Content-Type: application/json

POST request schema

https://eu.api.capillarytech.com/v3/oauth/token/generate

{
  "key": "",
  "secret": ""
}

Example:

https://eu.api.capillarytech.com/v3/oauth/token/generate

{
  "key": "WnCygRI1Fmlf6YudKwTxQq1LI",
  "secret": "hoqSBz6VwefECaZA8Q3oNx4V4H3pMDITksarZVES"
}

{
    "data": {
     "accessToken": "eyJraWQiOiJrMSIsImFsZyI6IlJTMjU2In0.eyJpc3MiOiJDYXBpbGxhcnkiLCJleHAiOjE1NzUyNzAyNzAsImp0aSI6IjJaX2FqUjcwYzJABChVUjlDVTVpUlEiLCJpYXQiOjE1NzUyNjk5NzAsInN1YiI6Im5hbWVfODQzNjIwODIwMSIsImNsaWVudF9pZCI6MjEsIm9yZ19pZCI6MTExNSwidG9rZW5fdXNlIjoidG9rZW5fYWNjZXNzIn0.Ala1-XTDlPtrHFQfCtJKsXe3h_WVyq4QOGI3ZnLNJqOa-yJc1UPGbypUysWemzEaiQC_BJ0n9G68SYkVZGi4CSVOhHRNA_dILe8y1Sa90YZKwHVHogJmIKzLmksJrTbjn8s8hSMePBaaUcEdUZ1XssxdFrZhEHHN1fWVYtkdb74PB3sZ7OMDqKUysON8YTNQxLgKOJ3kq0o2QUUDQo1q3gxXFuswate6-jj3oBkcdd1ohhXkPIWZlAb_1lRcLr-ECaaBfh473gayeMVV_6khdKJ7cXrUQ3CXppkrPIzBb7rS6I93iWZw0IlmWbaGduTmPPOhLX6HZLOb84Y28st-cw",
        "ttlSeconds": 300
    },
    "errors": null
}

Response

Parameter	Description
accessToken	Generated access token for the given key and secret.
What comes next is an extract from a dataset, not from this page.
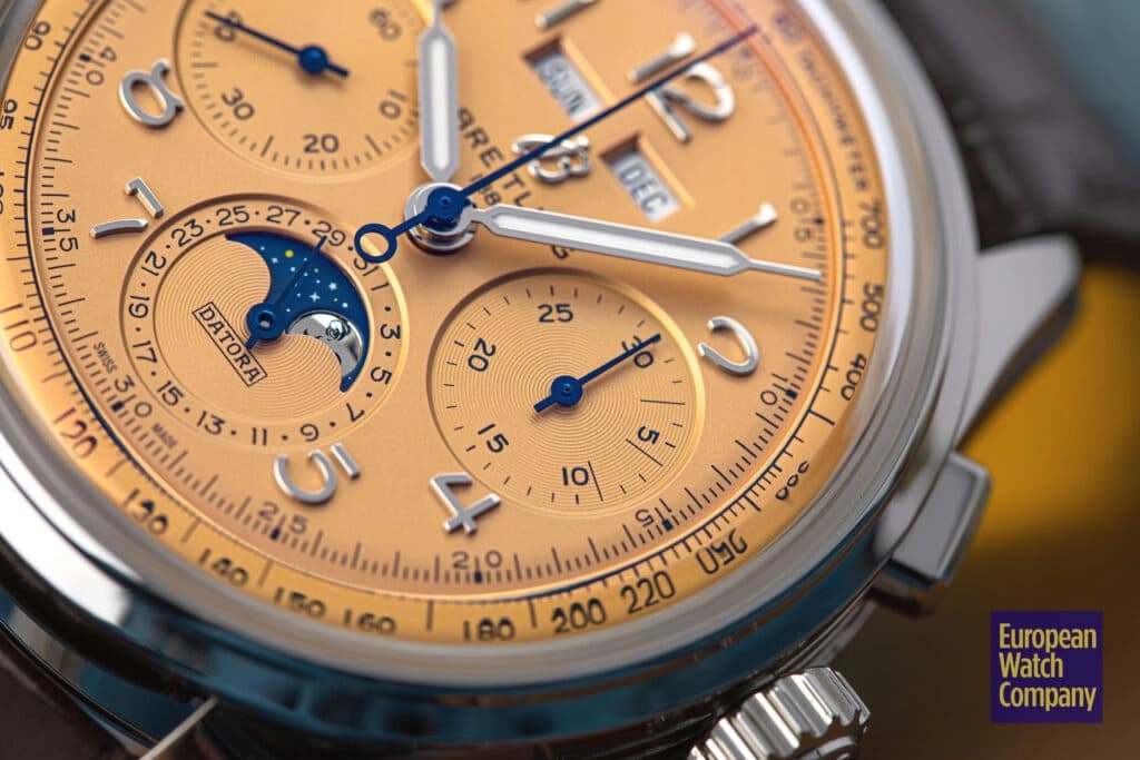 If vintage-inspired aesthetics aren’t a priority and you are looking for a salmon dialed timepiece, there are several modern releases to consider. First, Patek Philippe’s 5172 is a remarkably similar option, albeit without the triple calendar functions of the B25. The piece includes syringe hands, sunken sub registers and Arabic numerals just like the B25, but certainly features a better finished movement and more refined case profile. The lugs are stepped, the movement is manually wound, and the case is a much slimmer 11.45mm. If you are searching for a higher end chronograph to scratch a similar itch for salmon dial and vintage inspiration, this is where you would look.

This is unique and varies every time you make the call.
ttlSeconds	The validity of the token in seconds.

Using access token

Once you generate the access token, you can use it to authenticate API calls as shown below.
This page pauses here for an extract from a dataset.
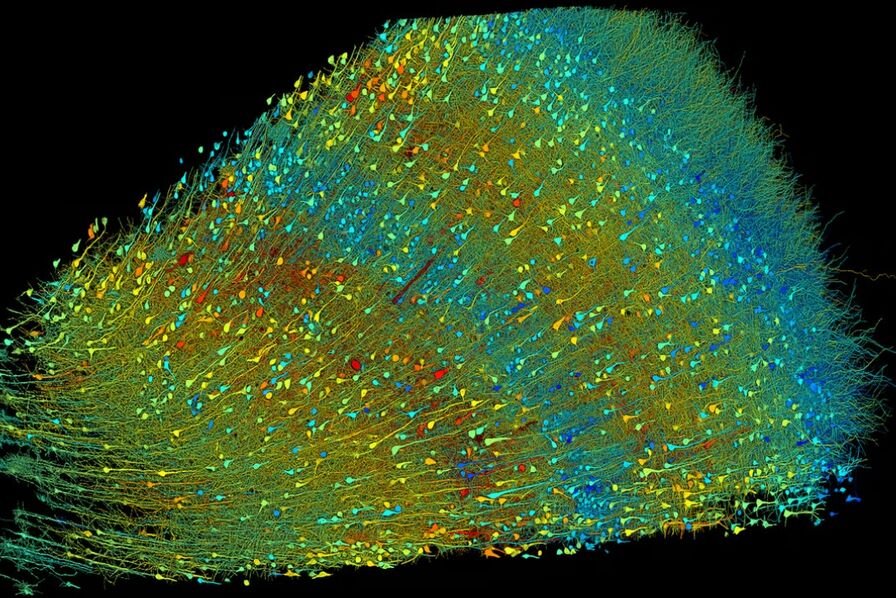 Fruit de leurs travaux, une carte en trois dimensions de l’échantillon de cerveau étudié montre l’enchevêtrement de connexions entre les dizaines de milliers de neurones. Ces travaux ont permis aux chercheurs d’observer la répartition de ces derniers suivant leur type et plusieurs cas de connexions rarement observées entre eux. Reste que si l'étude de ce petit échantillon est une avancée indéniable, la route est encore longue pour cartographier les 1500 centimètres cubes de notre cerveau. 🧠

Set the authentication to No Auth and pass the following headers.

Header	Value
X-CAP-API-OAUTH-TOKEN*	Generated access token.
Content-Type*	This should be set as application/json
Accept*	This should also be set as application/json
X-CAP-API-ATTRIBUTION-ENTITY-TYPE	Till or store from which you want to post the data. Supported Values: TILL, STORE_CODE, STORE_NAME, STORE_EXTERNAL_ID, STORE_EXTERNAL_ID_1, STORE_EXTERNAL_ID_2. The default value is TILL.
X-CAP-API-ATTRIBUTION-ENTITY-CODE	Pass the entity value based on the entity type. For example, if X-CAP-API-ATTRIBUTION-ENTITY-TYPE is STORE_CODE, then X-CAP-API-ATTRIBUTION-ENTITY-CODE is the store code that you want to tag to POST data. By default, it considers the Till associated with the client key and secret.

Error Handling

Error	Probable cause	Recommended action
Failed to generate OAuth token	Client key or secret invalid - Insufficient permission to access group	Ensure the auth key and secret are correct. - Ensure you have right permissions to the appropriate access group. To know more about access group, see Access group

Caching OAuth token

You can enable token caching (CONF_ENABLE_OAUTH_TOKEN_REUSE) to reuse a token for 30 seconds. This reduces unnecessary token generation and improves performance. It ensures the same token is used across multiple flows for a short period, lowering API traffic and memory usage.

When this configuration is enabled:

A generated token is stored in cache for 30 seconds.
Any request within this 30-second window uses the cached token.
After 30 seconds, the cache expires and a new token is generated.

Configuration details

Default state: Disabled.

Enablement: Create a ticket with the Capillary Product Support team.

Caching duration: Fixed at 30 seconds. This value cannot be changed.